Tuesday, October 16, 2012

One Hour at Death's Door

The lunchroom with its labyrinth of tables always seems to have the same number of people scattered around.  It always looks like less, but each time, I do a head count of twenty to twenty-five.  Never more.

Most sit alone, many sleep, their hunched over forms quiet at a round table large enough to hold a company of eight.  Yet, even those who sit two by two are alone, physically side by side though never speaking to one another.   It's as if this is not the place to make friends since most all are just passing through.

I have been going to the nursing home for several years now, one hour on the third Tuesday of every month.  One thing I have noticed is how the faces are rarely the same. While the turnover rate in such a facility has something to do with the random attendance, the truth is that most of them didn't come for a church service.

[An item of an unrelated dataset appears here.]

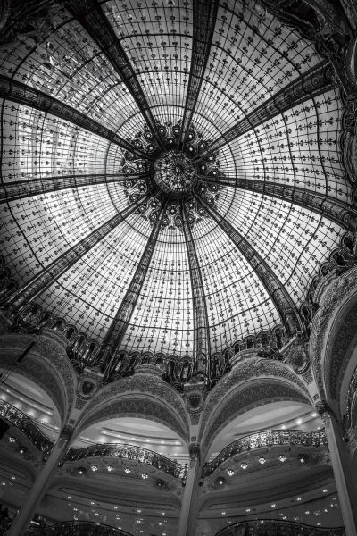 En imponerende glaskuppel fyldt med smukke ornamentik og symmetriske linjer. Kontrasten mellem sort og hvid understreger bygningens storslåethed og arkitektoniske finesse.

Some are waiting for coffee.  Some are waiting for their rooms to be cleaned so they can go back down the hall.  Others haven't moved since morning exercise, scheduled right before our half hour church service.

The woman who once grabbed my son Wyatt's stuffed Tigger and took off with it down the hall isn't there. Instead, a burly man sits at the far back table in front of the coffee pot.  He can't be older than my own father, a fact confirmed by the black military cap pulled down low on his brow, the word "Vietnam" embroidered in gold across the front.  Centered among the colored bars and stripes that all hold some unknown meaning is a pewter pin of a long barreled rifle.

I try to strike up a conversation, tell him that my father flew planes over there, but he isn't interested.  Although it sounds awkward, I feel compelled to speak the words, "Thank you for your service to our country."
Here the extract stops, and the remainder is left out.